4.3. Experimental Analysis
The algorithm adopted in literature [26], literature [27], and literature [28] and the algorithm proposed in this paper were used for comparative training respectively. After 50 iterations, the accuracy rate and loss rate changes of the above four algorithms for model recognition are shown in Figures 7 and 8, respectively.


In order to evaluate the actual performance of the model, the above four algorithms were used to train the test set, respectively. The changes of model accuracy and loss rate of each algorithm are shown in Figures 9 and 10.


By analyzing the accuracy and loss rate of model recognition, it is found that the performance of the above four algorithms is different in training set and test set.
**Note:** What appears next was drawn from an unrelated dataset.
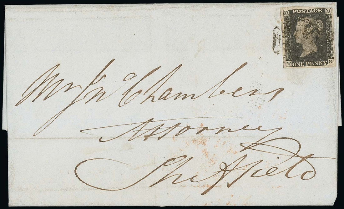 TG, good to large margins affixed and tied to 1841 (18 Mar.) entire (with contents)  from Wolverhampton to Sheffield by black Maltese cross,

The algorithm proposed in this paper has the best performance in the training set and test set, while the algorithm in literature [26] has the worst performance in the training set and test set.
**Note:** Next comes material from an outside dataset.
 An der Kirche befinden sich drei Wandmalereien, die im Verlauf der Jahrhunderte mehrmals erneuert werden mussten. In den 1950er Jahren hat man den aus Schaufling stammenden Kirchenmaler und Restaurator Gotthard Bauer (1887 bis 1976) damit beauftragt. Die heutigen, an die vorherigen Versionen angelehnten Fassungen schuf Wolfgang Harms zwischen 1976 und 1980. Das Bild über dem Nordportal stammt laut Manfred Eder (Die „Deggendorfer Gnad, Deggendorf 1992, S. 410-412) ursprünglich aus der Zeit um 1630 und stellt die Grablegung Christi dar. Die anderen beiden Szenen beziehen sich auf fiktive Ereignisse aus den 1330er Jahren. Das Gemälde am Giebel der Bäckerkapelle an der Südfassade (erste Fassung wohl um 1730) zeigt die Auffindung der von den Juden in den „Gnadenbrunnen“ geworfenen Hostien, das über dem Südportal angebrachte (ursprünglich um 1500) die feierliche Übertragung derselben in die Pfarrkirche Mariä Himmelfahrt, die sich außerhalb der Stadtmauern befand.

To further analyze the effects of the above four algorithms, ROC curves are drawn in this paper, as shown in Figure 11.

ROC curve is a graphical display method to show the compromise between the true rate and false positive rate of classification effect. True rate was plotted along the Y-axis, and false positive rate plotted along the X-axis. In the ROC curve, the model near the upper left corner is better. In Figure 11, the model in the upper left corner is the model proposed in this paper, which is suitable for facial expression recognition. The worst-performing model is literature [27], farthest from the upper left corner. In addition, the ROC curve area represents another classifier standard, and the larger the area of the model, the better the predictive type of the model. In terms of total area, the model proposed in this paper has the largest area and the best model performance, while literature [27] has the smallest area and the worst model performance effect.
5. Conclusion
The application of facial expression recognition in learning scenes is a trend of constructing new classroom. With the help of the relevant research foundation of informatics, psychology, and pedagogy, learners’ learning state can be studied through expression analysis. This paper focuses on the common problems in the current research on microexpression recognition and realizes the recognition and classification of microexpression sequences through deep learning. Based on the excellent performance of LRCN in behavior recognition, a SLRCN method is proposed to improve the method. This method is more suitable for microexpression data set. In order to reduce the risk of overfitting in the training deep network, the feature set of facial expression frames is extracted through the pretrained VGGFace model with the method of transfer learning. The feature sets were input into the bidirectional LSTM network to address the characteristics of short duration and time dependence of microexpression changes. Experimental results show that this method has high accuracy. However, the main reasons for the low recognition rate are the insufficient amount of labeled microexpression data, uneven distribution of all kinds of data, and generally weak intensity of microexpression. Further work is needed to enrich the data. Based on the dynamic expression sequence analysis of learners’ emotions, a psychological characteristic model was established to study the corresponding relationship between learning state and emotion changes in the learning process, so as to promote the progress of microexpression recognition in teaching quality evaluation.
Data Availability
The labeled data set used to support the findings of this study is available from the author upon request.
Conflicts of Interest
The author declares that there are no conflicts of interest.
Acknowledgments
The research was supported by Investigation and Research on College Chinese Curriculum Education in Colleges and Universities under the Background of “Ideological and Political” (2021YB0285).